Geneva Guided Walk and Networking: Report
We were delighted by the turnout for our walking tour in Geneva on 30th October 2021. Despite the rain, we were able to welcome a lot of new faces to the IBN on our walking tour of the city.
Our wonderful tour guide Debra Kinson not only provided us with an insight into the diverse history of Geneva but also filled us in on Irish links to Geneva and Switzerland.
Our day started at the Brunswick Monument where we learnt about the somewhat eccentric Duke of Brunswick who had bequeathed his fortune to the city of Geneva on condition that a monument be built in his name. His legacy was also used to build the Grand Théâtre de Geneve. Our next stop was the Île Rousseau where we heard about the great Genevan philosopher, writer and composer, Jean-Jacques Rousseau, and many other literary connections to Geneva. Lord Byron, Mary and Percey Bysshe Shelley spent three (rainy) days together inside the Villa Diodati in Cologny creating stories to tell each other, which would subsequently inspire Mary Shelley to write Frankenstein.
Of course we could not speak about literary figures without mentioning James Joyce and his ties to Zürich, and we discovered that, following a trip to Switzerland, Oscar Wilde apparently stated “I don’t like Switzerland, it has produced nothing but theologians and waiters”.
We walked down to the Place du Molard where Debra filled us in on the history of the historical port and economical hub of the city. On our way to the Cathedral, where we heard about Jean Calvin and the Protestant Reformation in Geneva, we passed by the building where Henri Dunant, along with Gustave Moynier, Henri Dufour, Louis Appia and Theodore Maunoir, founded the International Committee of the Red Cross in 1863, which subsequently led to the signing of the first Geneva Convention in 1864.

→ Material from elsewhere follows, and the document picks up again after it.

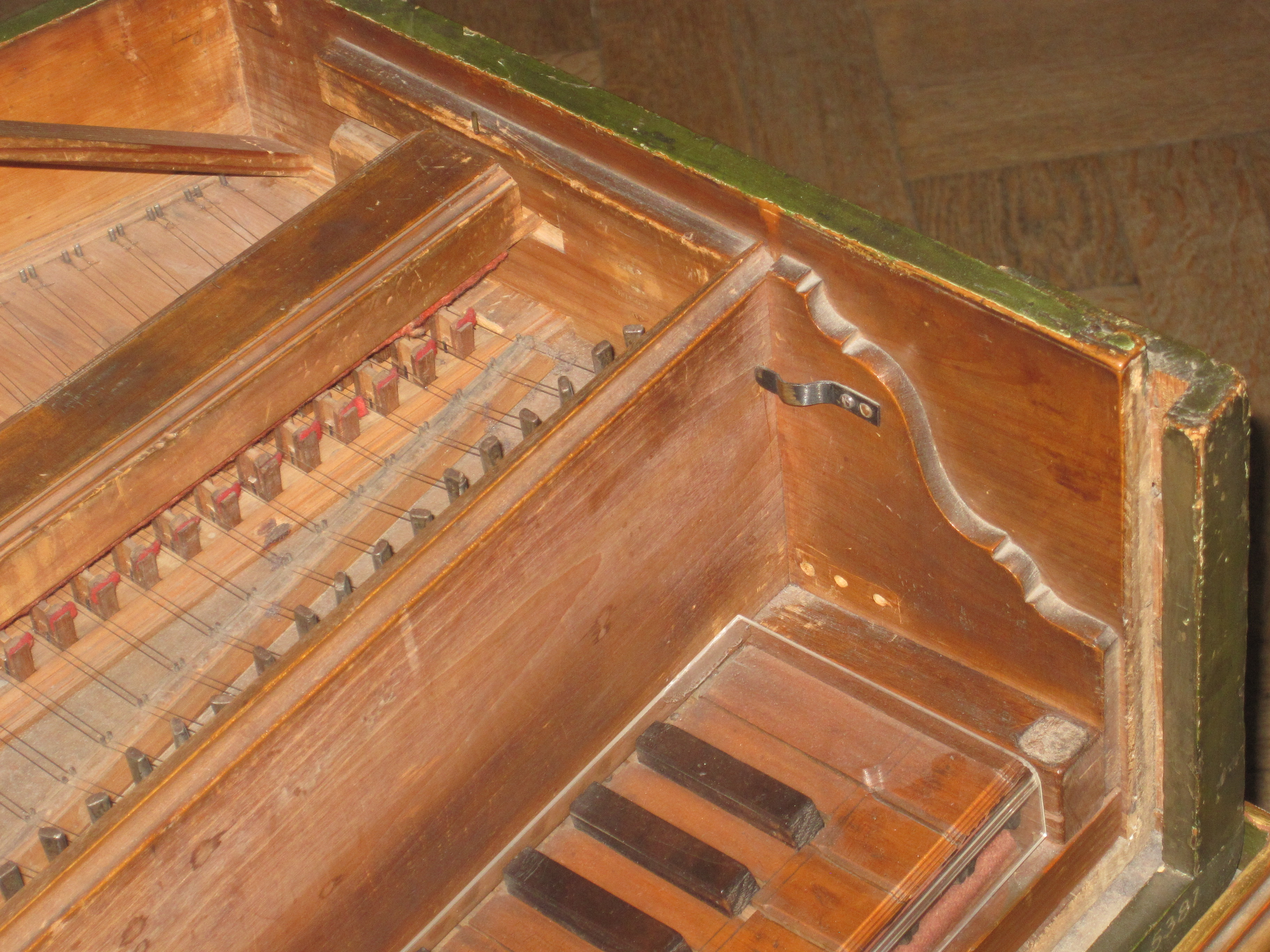 Detail of a false inner-outer harpsichord , from the collection of the Deutsches Museum in Munich.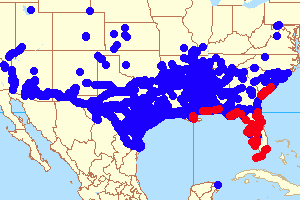 Cactoblastis Distribution in the US Blue= Prickly pear locations Red= Cactus Moth locations

The group had an opportunity to get to know each other and network over lunch and it was great to see the enthusiastic response from the diverse group which brought together both younger and older members, as well as people working in the international sector, private sector and retirees.

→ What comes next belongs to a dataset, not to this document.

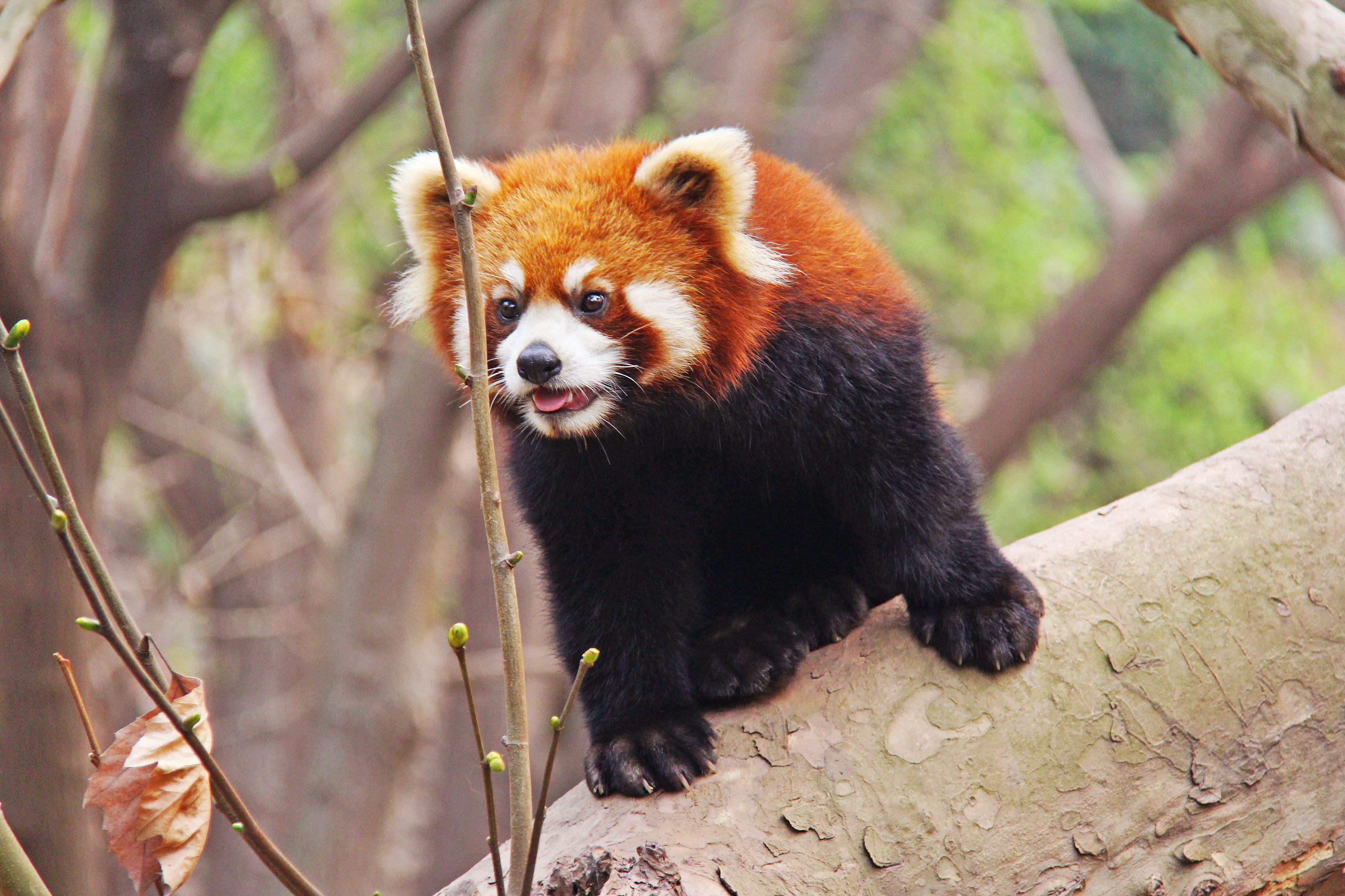 Red panda (Ailurus fulgens) in Chengdu

Before moving over to the International Quarter, we visited the Reformation Wall, where we were somewhat surprised to find a statue of Oliver Cromwell. And while we were there, many of us were also quite surprised when Debra told us about the Geneva Barracks which was built in Co. Waterford in 1783 as a settlement for a group of disaffected citizens of Geneva following the Geneva Revolution of 1872.
After a short tram ride over to the Place des Nations, where we heard the history of the Broken Chair, we also learnt that Sean Lester, an Irish Diplomat, was the last Secretary-General of the League of Nations in 1946 before it was replaced by the United Nations. We noted a number of the UN agencies located in the quarter and as we walked down to finishing our tour at the Maison de la Paix, we passed by the UNHRC and noted that it was to take on the role here as UN High Commissioner for Human Rights in 1997 that Mary Robinson has resigned as President of Ireland.
We were delighted that despite the weather and the early start, many members of the group were happy to stay on after the end of the tour and continue to get to know each other and share experiences of living in Switzerland.